Even if we knew all the consequences of changing climate, the idea that one can find an optimal global policy makes little sense given the uneven distribution of costs and benefits around the world and among different stakeholders. Many of these changes will not be marginal in nature. Although side-payments are sometimes proposed, the practicality of such payments is based on the idea that the costs borne by the losers can be meaningfully monetized, the cost of compensating them adequately estimated, and the compensation actually paid. Even in the simple case of inundation through sea level rise, experience with displaced populations from places such as the Bikini Islands and Diego Garcia suggests that compensation of the “value of lost real estate” does not begin to make up for the loss experienced by the affected peoples. The inhabitants of these communities were moved previously during the Cold War. Their resultant high suicide rates, short life expectancy, and broken social structures make it clear that they have failed to “adapt” to their new locations, even after half a century. The problem grows only more complex when other damages are considered for valuation.
Climate change and its effects will vary by location, ecosystem, and socioeconomic context. The responses of social, economic, and ecological systems are also likely to be nonlinear, with some entering protracted periods of unstable chaos while others undergo rapid transition to conditions fundamentally, not marginally, different from today. We neither know how to characterize such effects or how they will be valued across different cultures, societies, and future generations. Indeed, monetizing, combining, and discounting these heterogeneous and contextual effects as a single global monetary metric displays a hubris that has been roundly condemned by ethicists and decision analysts.

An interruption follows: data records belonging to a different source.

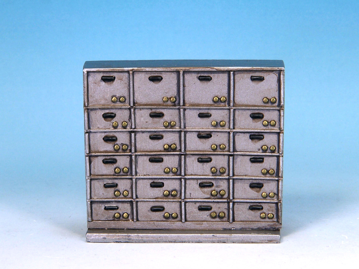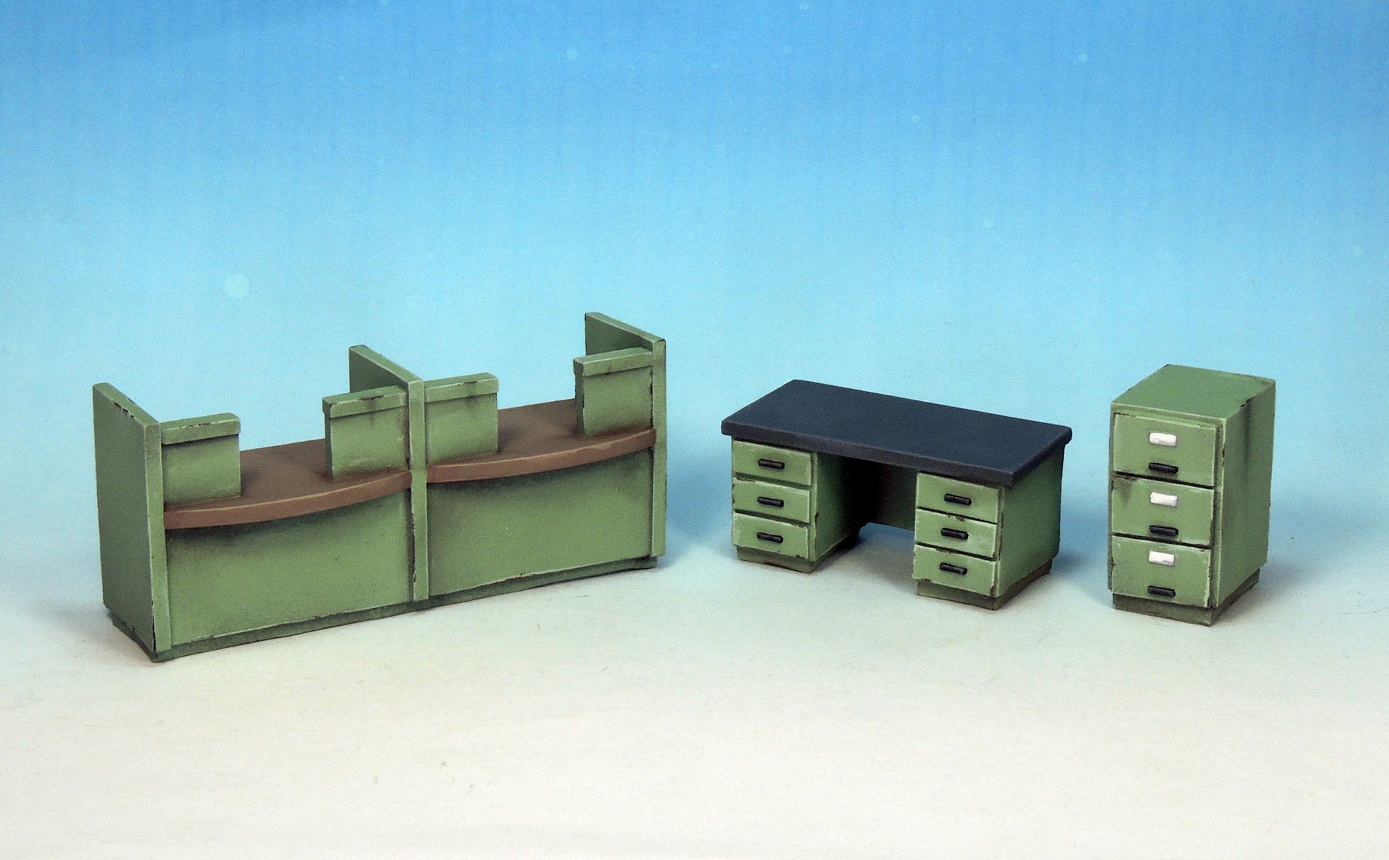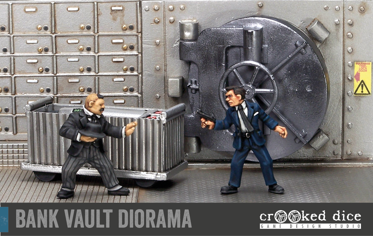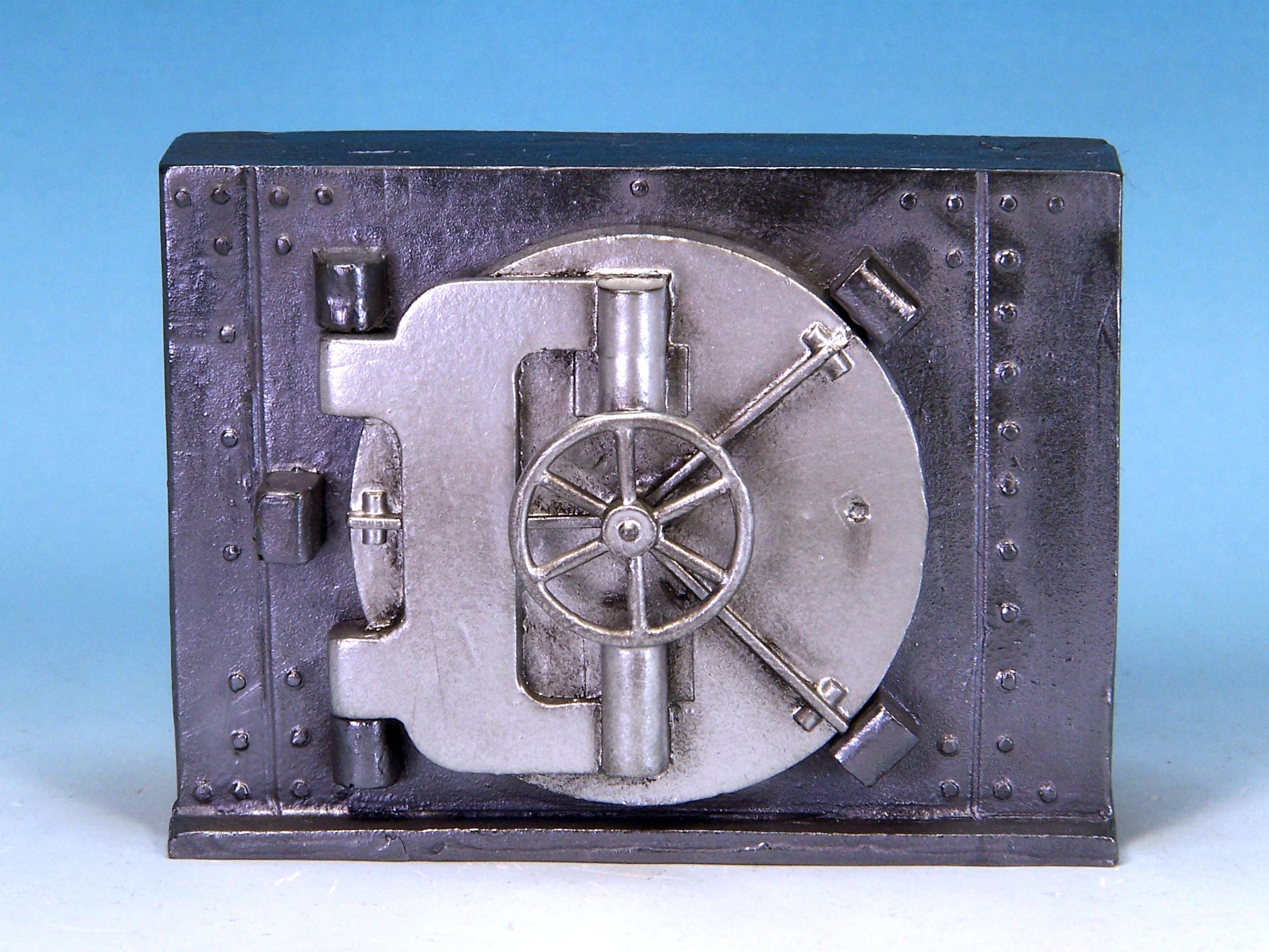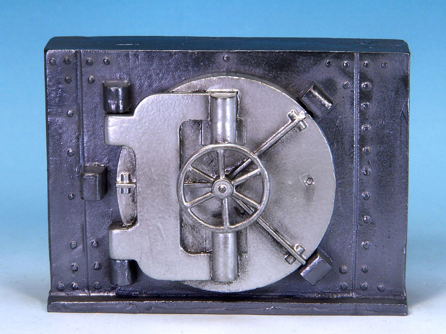 This kit contains nine pieces: vault door (three parts), safety deposit boxes, teller counter, small safe, large safe, filing cabinet and manager’s desk.
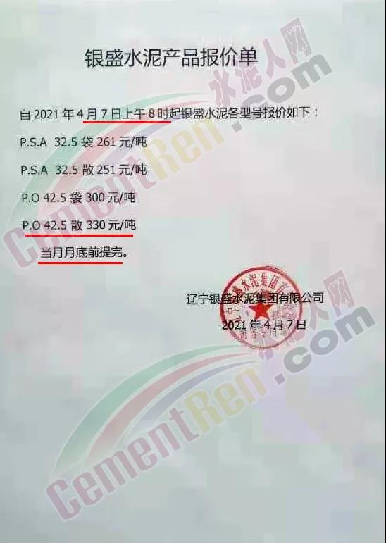 遼寧銀盛通知自4月7日上午8時起各型號執(zhí)行最新報告,其中P.O42.5散裝水泥報價330元/噸。且要求當(dāng)月月底前提完。據(jù)水泥人網(wǎng)通訊員反饋,當(dāng)日銀盛水泥廠門前出現(xiàn)了水泥車排隊提貨現(xiàn)象。
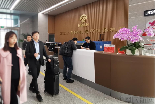 石家庄机场工作人员为空铁联运旅客办理“乐享中转”服务
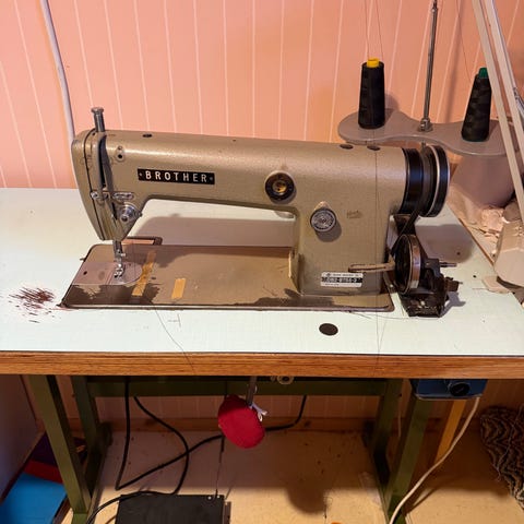 Drivs 220w nu,,från en stark Mycket stark motor,klarar symaskin all. Material även flera lager,,
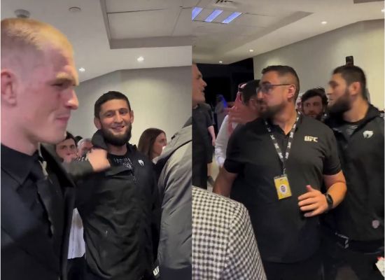 두 파이터는 경기 직후 백스테이지에서 가벼운 대화를 나누던 중 갑작스러운 신경전을 벌였다.
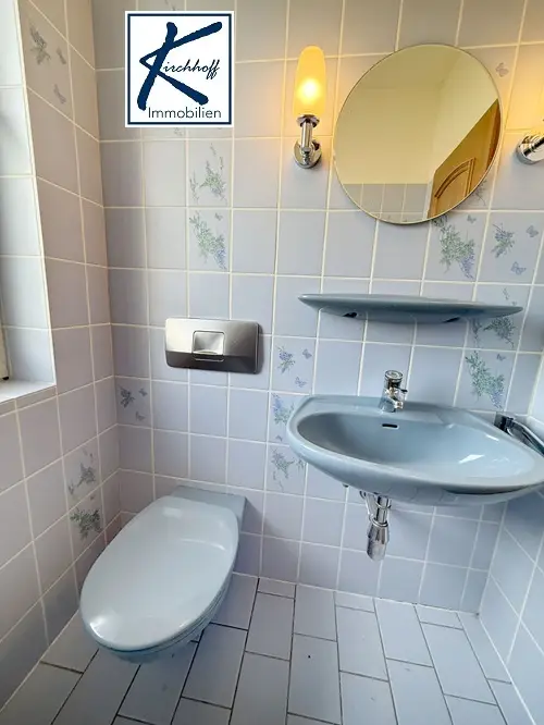 Im Obergeschoss erwartet Sie ein lichtdurchflutetes Wohnzimmer, das mit einem gemütlichen Kamin ausgestattet ist – perfekt für entspannte Abende. Durch das Wohnzimmer gelangen Sie außerdem auf die sonnige Dachterrasse, die Ihnen einen ruhigen Rückzugsort unter freiem Himmel bietet und zum Verweilen einlädt. Direkt angrenzend an das Wohnzimmer befindet sich der einladende Essbereich, der offen gestaltet ist und eine harmonische Verbindung mit dem Wohnzimmer eingeht. Die große Küche, die eine funktionale Einbauküche umfasst, ist im Kaufpreis enthalten und bleibt im Haus, sodass Sie sofort loslegen können. Ein praktisches Gäste-WC rundet das Angebot auf dieser Etage ab.

As noted above, it is possible that the climate system and a number of social, political, economic, and ecological systems can undergo transitions to other states that are not reversible, at least on time-scales relevant to human affairs. Whereas some of the changes could be global or hemispheric in nature (such as dramatic shifts in the El Niño-Southern Oscillation, the Meridional Overturning Circulation, and the Indian monsoon), some will be quite local (such as a long-term change in circulatory patterns that makes local rain-fed agriculture possible or impossible in some regions). Tipping points related to effects likely also display a wide range of scales. The range of changed climate patterns and states, along with the range of changed effects, considerably complicates the issue of what constitutes catastrophic change. A change that is viewed as minor by some may be viewed as catastrophic by others.
As we have argued above, nonmarginal effects cannot be translated into marginal damage “costs.” The nonmarginal effects may be local, not in the market, incalculable, and not amenable to compensation. As such, the local damage function can be almost infinite. For example, an ecosystem may be eliminated or a traditional way of life that depends on an ecosystem may disappear. Impact studies incorporate such damages and evaluate them “at the margin,” then aggregate them to form a damage function used to calculate the SC-CO2. But these figures mask the inadequacy of financial compensation for the subjective damages being incurred.
Global damage functions may combine losses of amenities, such as higher air conditioning costs in the US Southwest (which may be large in economic terms but marginal in nature), with losses of natural or human patrimony (to which a small economic value may attributed, but which are nonmarginal and irreversible). None of the suggested approaches to equity weighting or discounting schemes address such nonmarginal damages.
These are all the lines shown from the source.